# What can I move to my NFS server



## balanga (Mar 17, 2018)

It looks like many FreeBSD files on hosts on a LAN are the same and never updated. Which of those files can/should I share on an NFS server?

/usr/src and /usr/ports are two directories that come to mind but I'm sure there are many others....

How about /usr/share, /usr/include ?


----------



## SirDice (Mar 19, 2018)

In theory you can share almost everything (besides a couple of configuration files) as that's the basis of a diskless client. But performance-wise it's not the best decision, everything will need to be loaded from the network which is always slower than getting it from a local disk.


----------



## robroy (Mar 19, 2018)

balanga, I agree with SirDice about the performance concern. 

And also, given how affordable modest storage hardware really is these days, I feel like centrally storing and sharing FreeBSD base system directories would be too likely to result in confusing and hard-to-remember dependencies between computers, to be worth the trouble. 

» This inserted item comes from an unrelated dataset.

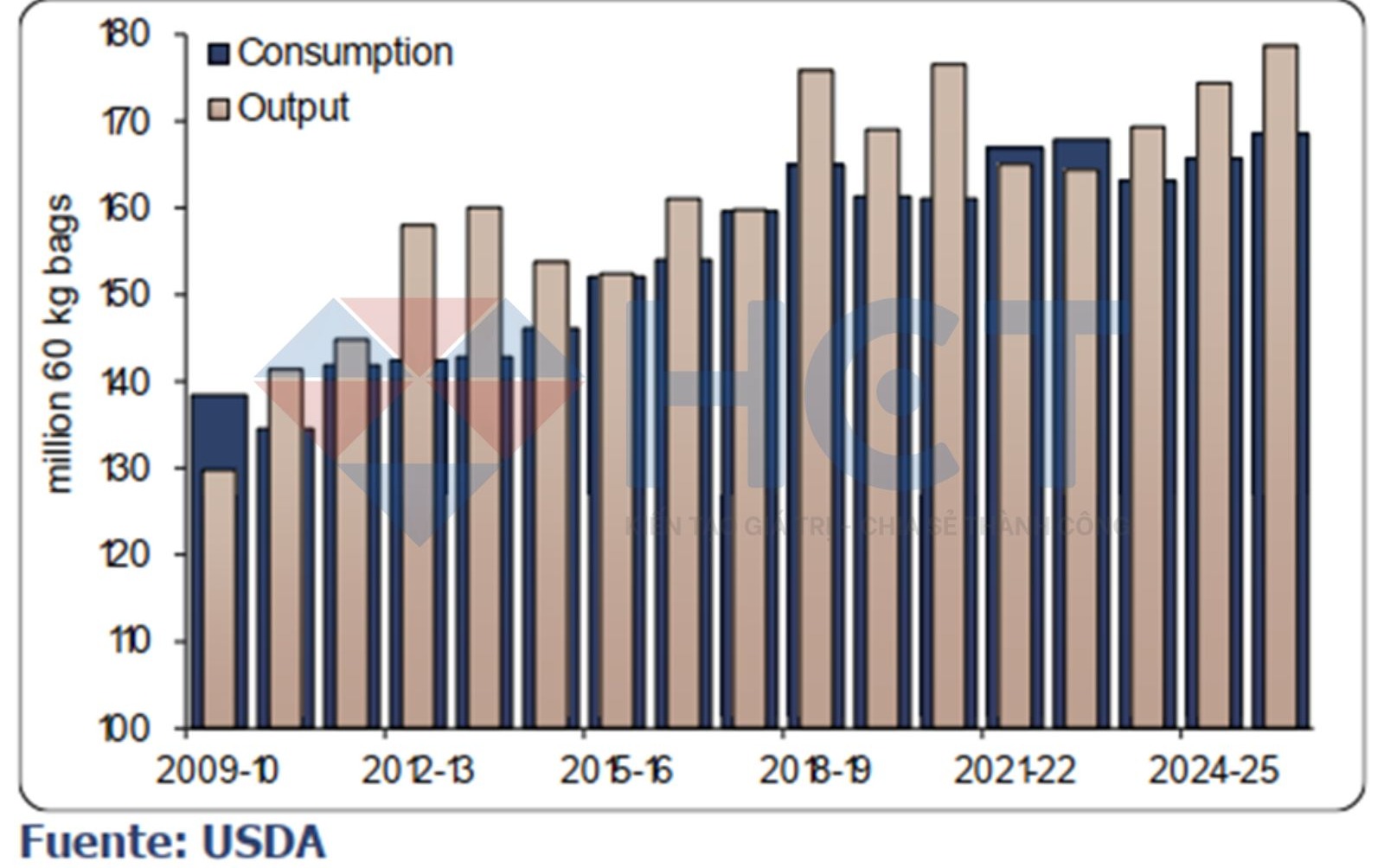 Với sản lượng toàn cầu dự kiến đạt 178,68 triệu bao trong niên vụ 2025/26, mức này sẽ vượt qua kỷ lục trước đó là 176,549 triệu bao được ghi nhận trong niên vụ 2020/21. Điều này tiếp tục củng cố nhận định rằng áp lực nguồn cung trong trung hạn sẽ dịu lại, qua đó tạo thêm yếu tố duy trì xu hướng giá giảm trong thời gian tới.

And it really means that there's a lot on the line for that one NFS server--even rebooting it to apply security patches will become a complex procedure, which (practically speaking) means rebooting all of the NFS clients also (I know some will point out that there may be ways to avoid this--but the methods by which it's avoided are probably so much more complex than rebooting everything, that a real human in the real world's likely to go the reboot route anyways).

In other words, if you have a really strong reason to want to do this, _maybe_ it'd be worth it, but you'd have to weigh in the huge disadvantages that'd come along with it (mainly availability concerns related to the dependency and a hard-to-remember, off-the-beaten-path configuration).

Happy days to you balanga.


----------



## PacketMan (Mar 23, 2018)

..and I agreed with both SirDice and Robroy.

I always sanity check a discussion, or thought process with this simple question:  What is the problem you are trying to fix?  Doing something because you can may be fun or cool, but could come with a whole new set of issues.


----------